La parte norte, este y oeste miraban hacia el puerto. Estas salidas estratégicas permitían la descarga de pequeños barcos, ademas de la evasión en caso de algún ataque. La ciudadela fue protegida con rastrillo (una puerta corrediza de madera) y matacanes (un apertura por la cual se podían tirar piedras o objetos incendiados sobre los atacantes).

La segunda línea de defensa está constituida por cuatro torres ubicadas en los ángulos y conectadas por muros con aspilleras. Una quinta torre se destaca entre las dos torres del norte. La ciudadela estaba sujeta a varias destrucciones y remodelaciones que son especialmente visibles en las partes superiores del monumento. A finales del siglo XIX, el castillo fue utilizado por el garnison turco y continuó desempeñando un papel militar menor.

Otras estructuras que pueden ver los turistas incluyen una columnata romana y un pequeño teatro; Murallas fenicias, tres templos principales y una necrópolis.

Biblos en la actualidad

Biblos fue el ganador del premio Golden Apple (dado por FIJET, la federación mundial de periodistas y escritores de turismo) por excelencia en turismo en 2014. También fue elegido como la capital del turismo árabe para el año 2016 por el Consejo Árabe de Turismo.

Si puedes pasar la noche en algún hotel en Jbeil puedes disfrutar de la vida nocturna que se pone excelente en la temporada de verano.

Las calles están llenas de cafés y bares perfectos para sentarte a pasar el rato y ver a las personas. Pedí una cerveza local llamada Almanza mientras mi mamá se ponía a ver libros.

Lo bueno de visitar Líbano es que como es mitad católico puedes comprar y tomar licor en todos lados. Me gustó mucho este letrero que decía que el café tenia WiFi gratis y cervezas frías.

Si quieres probar comida libanesa puedes ir a Feniqia que está diagonal al castillo. Almorzamos allí unos shawarmas y estaban buenos.

Como queríamos variar también fuimos a un sitio de sushi llamado Kami Sushi, que queda cerca de la parte colonial. Tienen estacionamiento así que aprovechamos para dejar el carro e ir a explorar.

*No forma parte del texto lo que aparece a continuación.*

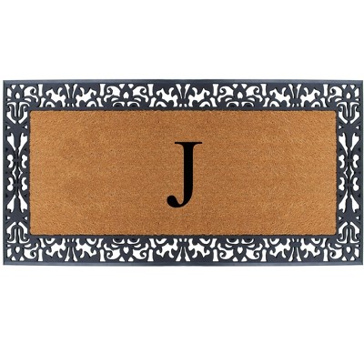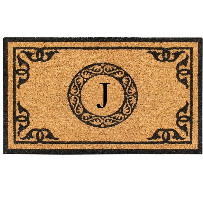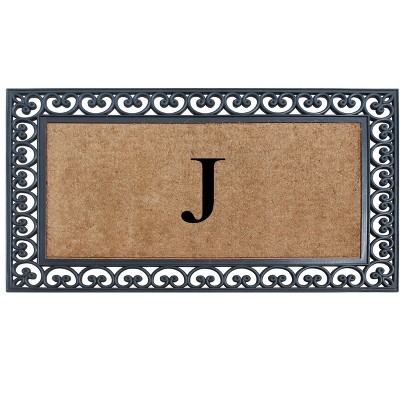 A1HC Natural Rubber Coir Outdoor Doormat 24x48 Monogrammed Anti-Shed Treated Durable Front Door Mat Letter J
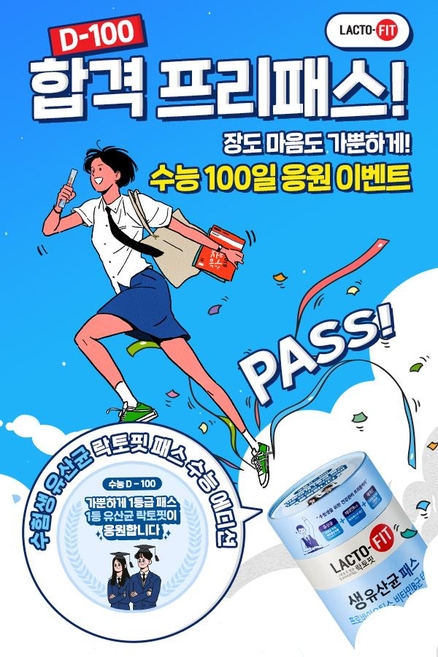 1등 유산균 ‘락토핏’이 수능100일을 맞아 수험생에게 꼭 맞는 수험생 전용 유산균 ‘락토핏 생유산균 패스’ 특별 에디션을 증정하는 수능100일 응원 이벤트를 진행한다고 25일 밝혔다.
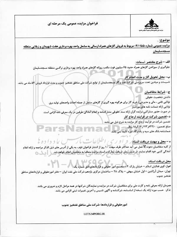 مزایده عمومی شماره 04/0155 مربوط به فروش گازهای همراه ارسالی به مشعل واحد بهره برداری هفت شهیدان و زیلایی منطقه مسجد سلیمان
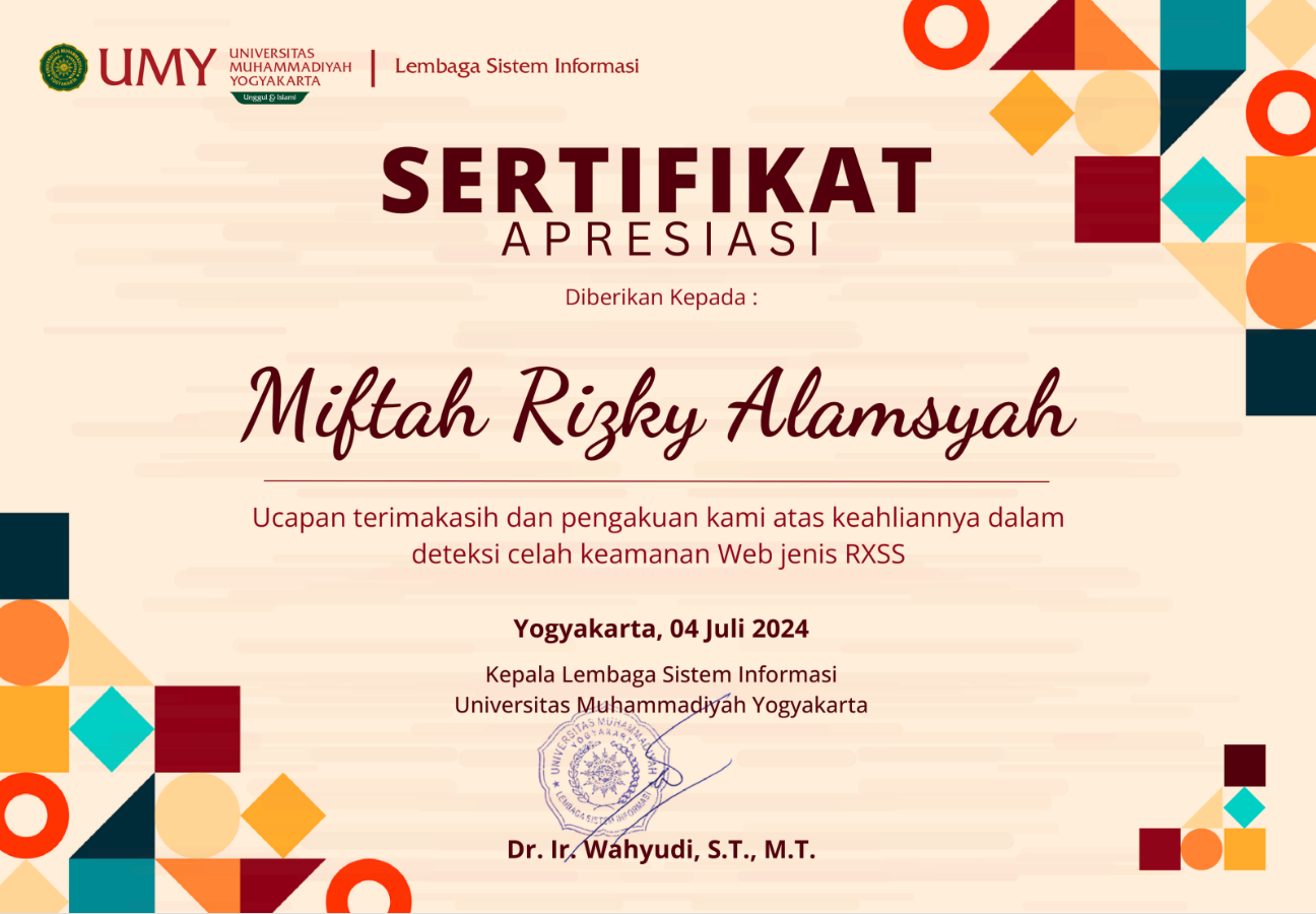 Certificate of Apreciation UMY
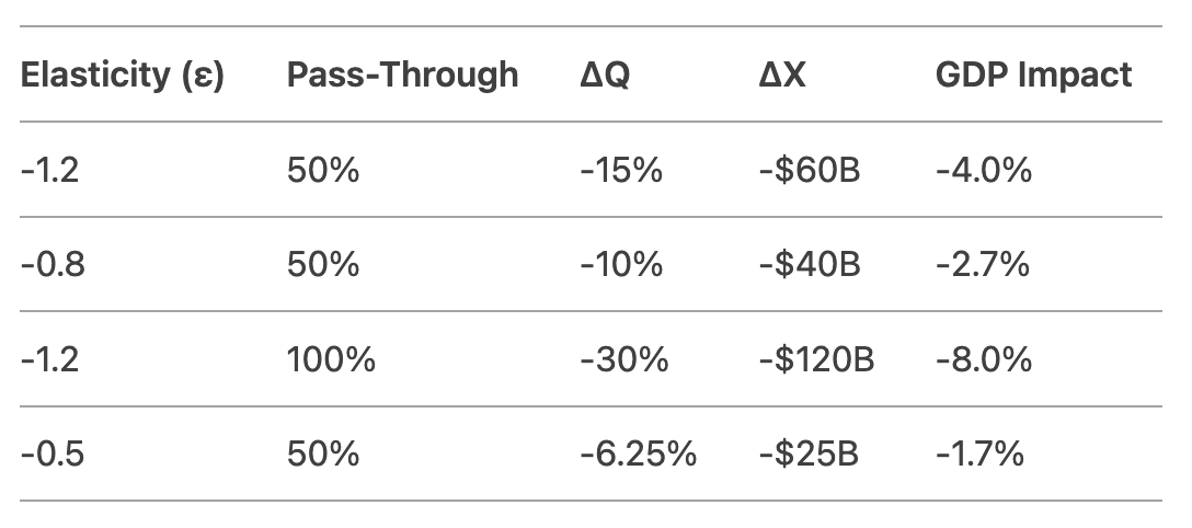 In conclusion, the model would estimate a GDP decrease in the range of 1.2% to 8% depending on elasticity and pass-through assumptions, with a baseline around 4%. However, these are rough estimates and the actual impact would depend on multiple factors including policy responses, market adjustments, and global economic conditions.
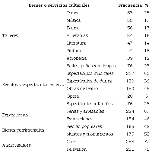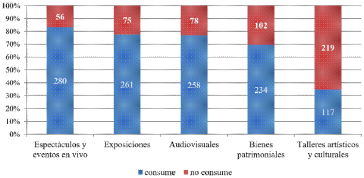 De las 336 personas que respondieron el cuestionario, 331 afirmaron haber consumido al menos uno de los bienes culturales presentados en la Tabla 1. Es decir, 98% de los respondientes consumieron algún tipo de bien cultural durante 2019.
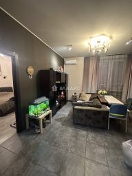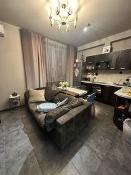 Кухня-гостиная: кухонный гарнитур , двухкамерный холодильник, микроволновая печь, большая индукционная плита, духовой шкаф с максимальным набором функций, кран с фильтром и носиком для питьевой воды, встроенный измельчитель, вытяжка, большой раздвижной диван, диванный столик-трансформер для рабочего места, большой раздвижной стол из массива березы и 4 стула, телевизор Hisense 55 дм, рулонные шторы блэкаут (Италия), тюль и шторы, кондиционер воздуха Митсубиси, комод из натурального дерева, 2 люстры, 4 бра, кухонная подсветка. Потолок подвесной, на потолке балки из натурального дерева (сосна).
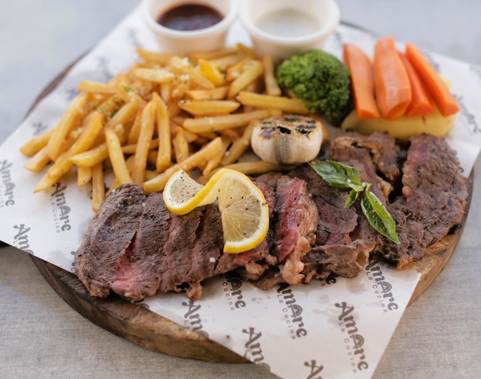イタリアンチェーン店。看板メニューは、香ばしく焼き上げた「USDA Rib Eye Steak(P1,630)」と、蟹味噌のコクが広がる「Creamy Aligue Pasta
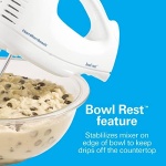 Bowl Rest feature. Frees your hands by stabilizing the mixer on the edge of the bowl when the mixer is not in use, so drips end up in the bowl and not on your countertop.
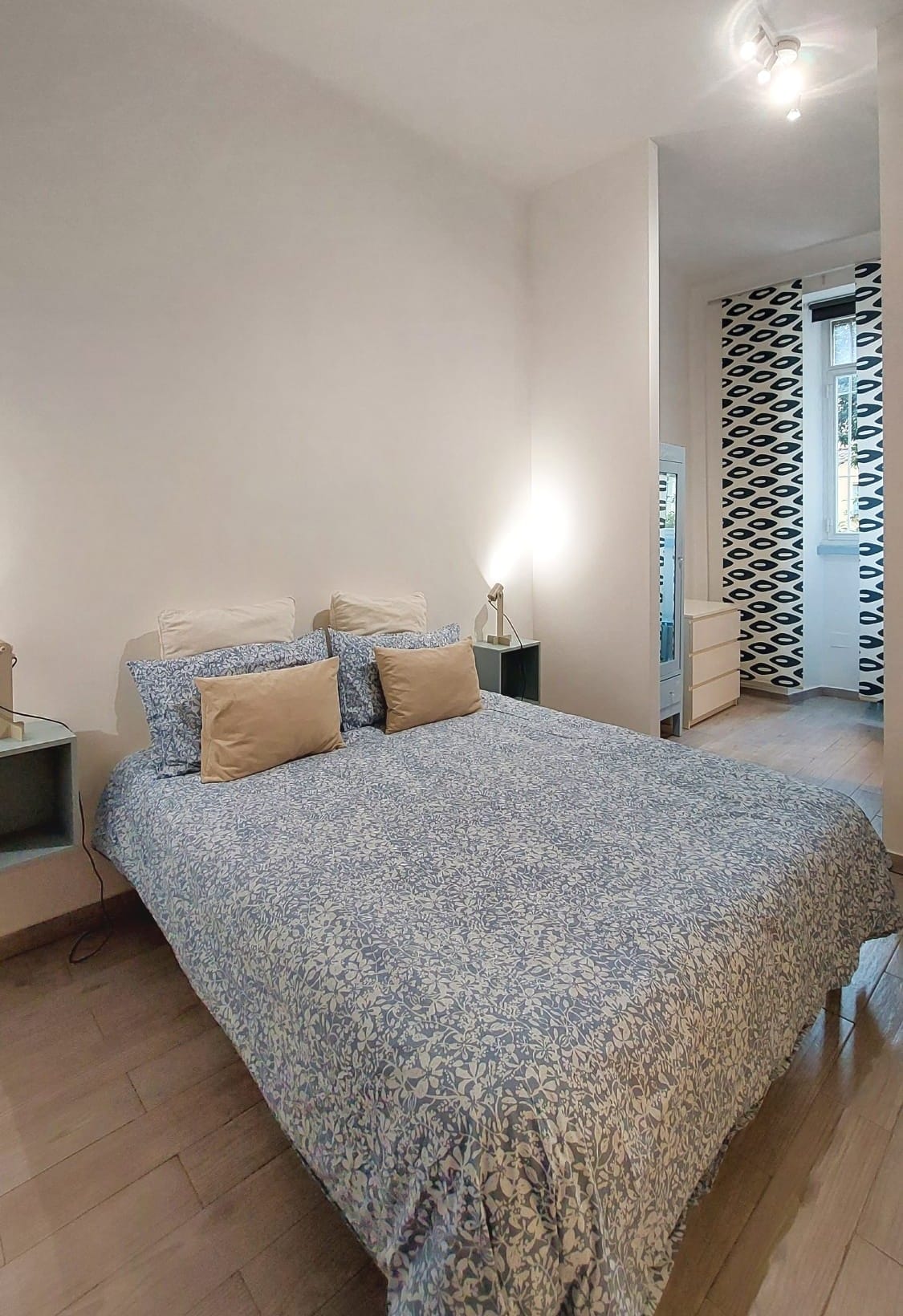 Completely renovated two-room apartment for 3 people. It has a large bedroom and a living area with an american kitchen, table for 4 and sofa bed. Bathroom with shower and chromotherapy lights. This is a Green solution: 100% renewable energy, fully LED lighting, green cleaning products, eco-friendly Airlite wall paint, eco-friendly soaps and ethical finance. Connected and close to monuments and services. Comfort and professional cleaning for a wonderful holiday!
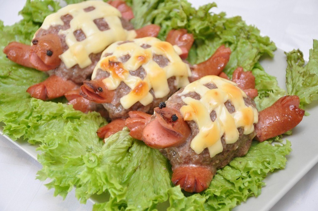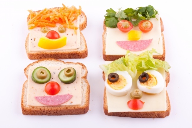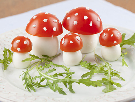 มันจะดูสนุกมากเห็ดจากไข่และมะเขือเทศเชอร์รี่ครึ่งและแซนวิชสามารถกลายเป็นใบหน้าตลกด้วยความช่วยเหลือของซอสมะเขือเทศ, ครีมและผัก แต่ผลไม้ที่คุณโปรดปรานควรเปลี่ยนเป็นช่อดอกไม้และตะกร้าที่กินได้จริง
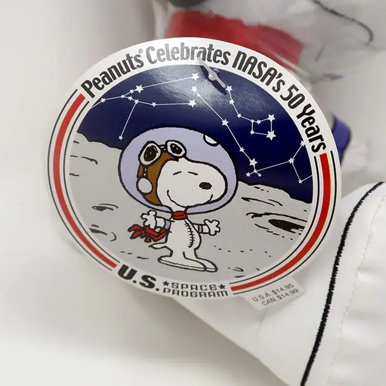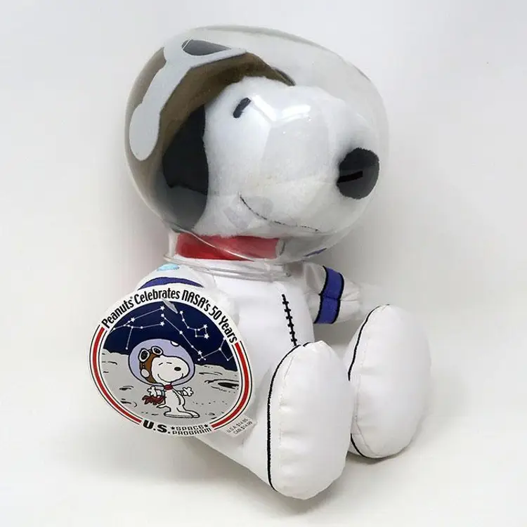 Blast off with this adorable Astronaut Snoopy Plush, celebrating NASA's 50 years of space exploration in 2008. Dressed in a detailed astronaut suit with a clear helmet, Snoopy is ready for any space adventure. This collectible 8" tall plush is perfect for Peanuts fans and space enthusiasts alike. Comes with a commemorative tag. In excellent condition and made by Hallmark.
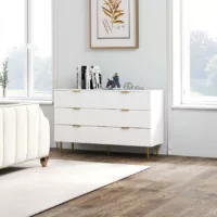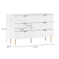 Homcom – Commode 6 tiroirs design effet cannelé piètement métal doré blanc

El día que fuimos tenían un mercado que vendía productos locales y orgánicos. Podías comprar frutas y verduras que se veían hermosas a precios muy accesibles.

Nos brindaron vino y un licor llamado Arak hecho de anís. Compre algunas especies como sumak que es deliciosa para las ensaladas y una botella de vinagre de manzana que es muy saludable.

Además del castillo de Biblos, puedes ir al Museo de Cera que explica la historia de Líbano y como fue evolucionando de la vida rural a la actual.